MLE / Full-Stack Data Scientist - If the role requires you to deploy models to production, then you should expect algorithms & data structure questions. This means that you should brush up on strings, math, arrays, sorting, searching, dynamic programming, queues & stacks, and, in some cases, trees and graphs.
Product / Generalist Data Scientist - You should expect more coverage on data manipulation questions. These are what you call “Pandas” SQL problems that involve leveraging Pandas to solve SQL like table manipulation problems. In some cases, you may be asked on statistical coding problems which tend to be asked in quant-roles, Google DS interviews and etc.
Data Analyst - Like product and generalist data scientist roles, you should expect Pandas-like SQL problems that involve leveraging Pandas to solve SQL-like table manipulation problems. You don’t need to worry too much about other areas.
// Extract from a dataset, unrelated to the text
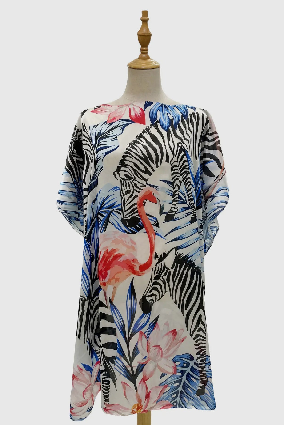 This jungle patterned cover up features a luxurious blend of silk and viscose, making it an elegant and beautiful choice for that special vacation, a day of shopping or brunch with friends. High quality and vibrantly colored. One size fits all. Imported.

Now, let’s do a deep-dive on each of the four areas.

📕 Data Structures & Algorithms

These are the classic SWE questions posed in the data science interviewing: strings, math, arrays, sorting, searching, dynamic programming, queues & stacks, and, in some cases, trees and graphs. You should have firm grasp of runtime and space complexity, and write the most optimal solution. A great place to learn about data structures & algorithms are

# Sample Questions
1. [Microsoft] Function to check whether a word is a palindrome
2. [Adobe] Program to find a number from two sorted arrays such that the sum of the two numbers is closest to an integer 
3. [Amazon] Find the shortest paths between two coordinates.

📘 Data Manipulation

These are SQL-like table manipulation. Familiarity with Pandas or R DataFrames is essential in tackling these questions. The common operations you should be familiar with are - selection, aggregation, lags, group by, partition by, filtering, JOINs, sorting, and ranking

# Sample Questions

| post_id | user_id | post_text                     | post_date  | likes_count | comments_count | post_type |
|---------|---------|-------------------------------|------------|-------------|----------------|-----------|
| 1       | 101     | "Enjoying a day at the beach!"| 2023-07-25 | 217         | 30             | Photo     |
| 2       | 102     | "Just finished a great book!" | 2023-07-24 | 120         | 18             | Status    |
| 3       | 103     | "Check out this cool video!"  | 2023-07-23 | 345         | 47             | Video     |
| 4       | 101     | "That's awesome?"             | 2023-07-22 | 52          | 70             | Status    |

1. [Meta] Using the following dataset, find users who never posted a photo
2. [Meta] Retrieve users who posted more than three times but received less than 100 total likes
3. [Meta] Find the user with the highest average comments per post

📗 Statistical Coding

These are Google style questions that involve statistical simulation or writing functions that provide statistical values like the Pearson Correlation value. You should expect such questions generally across interviews, but more particularly in quant / Google / startup interviews. Depending on the interview, some may allow you to load third-party libraries like Numpy and Scipy. But, you will need to ask the interviewer to get the specifics.

# Sample Questions
1. [Google] In a World Series, suppose that the probability team A winning a match is 0.60. What is the probability that team A wins the World Series in each of the 7 matches? Use Numpy should you need to.
2. [Google] Demonstrate the confidence interval. Use Numpy and Scipy should you need to.
3. [Microsoft] Write a function that computes the inverse matrix. Use Numpy should you need to.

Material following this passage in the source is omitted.